Funktioniert leider nicht. Wenn der Islam genug Anhänger hat, ergreifen seine Vertreter die Macht und schließen die Resterampen der westlichen Lebensweise. Falls das Ladenpersonal mit dem Leben davonkommt, gehören sie zu den Glücklichen.
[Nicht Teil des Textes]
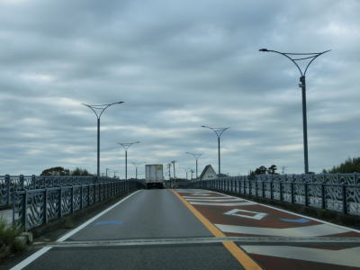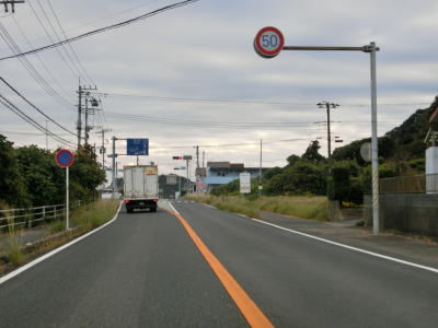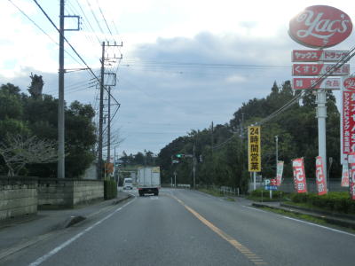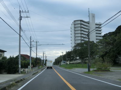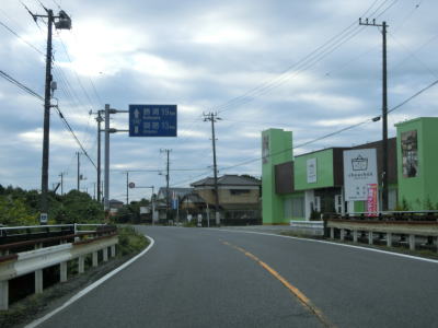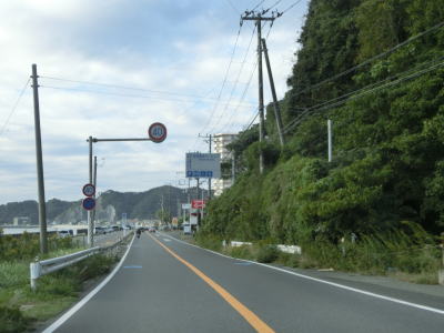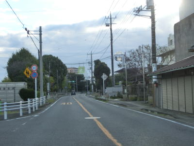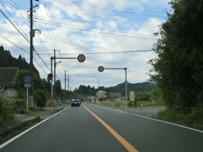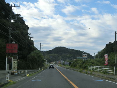 | いすみ市に入ってからもアップダウンのほとんどない2車線道路が続いている。海は見えないが比較的近い場所を通っており、釣具店の他に観光客向け(?)の飲食店が点在している。千葉r229太東灯台入口交差点を通過してさらに南下していると江東橋を渡る。南詰で千葉r405が分岐して夷隅川の右岸沿いを進む。旧岬町の中心部の東を走っていると千葉r152江場土交差点を通過する。 | ||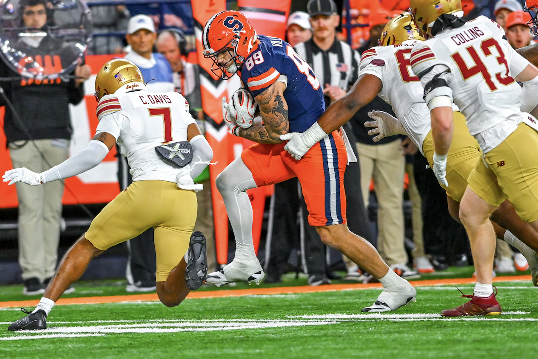 Filardi started three games for the Orange, but he didn’t fare much better. The freshman walk-on produced 226 passing yards and two total touchdowns with just a 47.7% completion rate. All three of his interceptions came in Syracuse’s historic 70-7 blowout loss to Notre Dame, with the Fighting Irish returning two of them for pick-sixes.

Thomas Weidner / 03.08.2017

Die koranbasierte muslimische Toleranzeinbahnstraße plastisch begreifbar gemacht. Ein pädagogisch wertvoller Beitrag, denn an Hand von banalen Beispielen aus dem Alltagsleben besteht vielleicht die Chance, dass auch bei ideologisch Totalverpolten irgendwann der Groschen fällt

Bernhard van Akker / 03.08.2017

Alt! Aber immer noch richtig und gut!

Marcel Seiler / 02.08.2017

Dies ist wirklich witzig! Toleranz, wie wir angehalten werden, sie gegenüber dem Islam zu praktizieren, ist in der Tat eine Einbahnstraße. Der obige Beitrag enhält nur eine irrige Annahme: Moslem-Frauen sind scharfe Dessous m.W. absolut nicht verboten, solange sie sich darauf beschränken, die belebende Wirkung beim Ehemann zu bewirken und sonst bei niemandem. Soweit mir bekannt, dürfen sie sie auch kaufen. Es ist in der Öffentlichkeit, in der alles, was als aufreizend empfunden werden könnte, verboten ist. Nicht aber im eigenen Heim.

Rolf Lindner / 02.08.2017

Unbedingt nachahmen. Das funktioniert aber nur, wenn die entsprechenden Geschäftsgründer die gleiche staatliche materielle wie ideelle Unterstützung erhalten wie moslemische. Der Gründer meiner Autowerkstatt hatte keinerlei Unterstützung erhalten. Auf Nachfrage sagte man ihm: Ja, wenn sie Abdullah heißen würden, kein Problem. Außerdem könnte man ja gegenüber der Moschee auch eine Synagoge, oder ein buddhistisches Kloster etablieren.